> There are a couple factual inaccuracies on the site that I'd like to clear up
> first:
> Trivial benchmarks put cerealizer and banana/jelly on the same level as far
> as performance goes:
> $ python -m timeit -s 'from cereal import dumps; L = ["Hello", " ", ("w",
> "o", "r", "l", "d", ".")]' 'dumps(L)'
> 1 loops, best of 3: 84.1 usec per loop
> $ python -m timeit -s 'from twisted.spread import banana, jelly; dumps =
> lambda o: banana.encode(jelly.jelly(o)); L = ["Hello", " ", ("w", "o", "r",
> "l", "d", ".")]' 'dumps(L)'
> 1 loops, best of 3: 89.7 usec per loop
>
> This is with cBanana though, which has to be explicitly enabled and, of
> course, is written in C. So Cerealizer looks like it has the potential to do
> pretty well, performance-wise.
My personal benchmark was different; it was using a list with 2000
objects defined as following:
class O(object):
def __init__(self):
self.x = 1
self.s = "jiba"
self.o = None
with self.o referring to another O object. I think my benchmark,
although still very limited, is more representative since it involves
object, string, number and list.
See it there:
http://svn.gna.org/viewcvs/*checkout*/soya/trunk/cerealizer/test/test1.py?content-type=text%2Fplain&rev=31
The results are (using Psyco):
With old-style classes:
cerealizer
dumps in 0.0619530677795 s, 114914 bytes length
loads in 0.0313038825989 s
cPickle
dumps in 0.0301840305328 s, 116356 bytes length
loads in 0.023097038269 s
jelly + banana
dumps in 0.168012142181 s 169729 bytes length
loads in 1.82081913948 s
jelly + cBanana
dumps in 0.082946062088 s 169729 bytes length
loads in 0.15615987 s
With new-style classes:
cerealizer
dumps in 0.0575239658356 s, 114914 bytes length
loads in 0.028165102005 s
cPickle
dumps in 0.07634806633 s, 116428 bytes length
loads in 0.0278959274292 s
jelly + banana
dumps in 0.156242132187 s 169729 bytes length
(TypeError; I didn't investigate this problem yet although it is
surely solvable)
jelly + cBanana
dumps in 0.10772895813 s 169729 bytes length
(TypeError; I didn't investigate this problem yet although it is
surely solvable)
As you see, cPickle is about 2 times faster than cerealizer for
old-style classes, but cerealizer beats cPickle for new-style classes
(which makes sense since I have optimized it for new-style classes).
However, Jelly is far behind, even using cBanana, especially for
loading.
> You talked about _Tuple and _Dereference on the website as well.

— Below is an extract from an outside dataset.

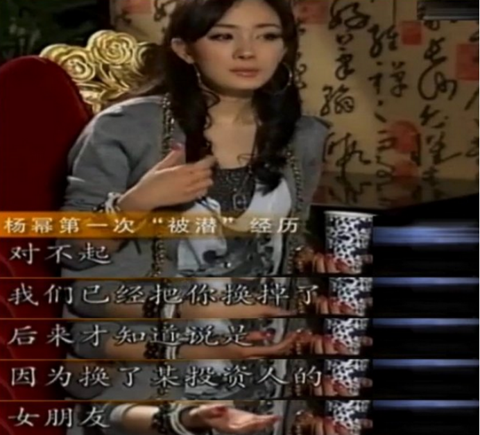 除此之外,杨幂因长相出众,又处于似红非红的状态,经常接到导演、制片人发来的潜规则信息。

These are
> internal implementation details. jelly also supports extension types, by way
> of setUnjellyableForClass and similar functions.
The problem arises only when the extension type expects an attribute of
a specific class, e.g. (in Pyrex):
cdef class MyClass:
cdef MyClass other
The other attribute of MyClass can only contains a reference to an
instance of MyClass (or None). Thus it cannot be set to an instance of
_Dereference or _Tuple, even temporarily; doing other =
_Dereference(...) raises an exception.
I solve this problem in Cerealizer by doing a 2-pass object creation:
step 1, create all the objects; step 2, set all objects' states.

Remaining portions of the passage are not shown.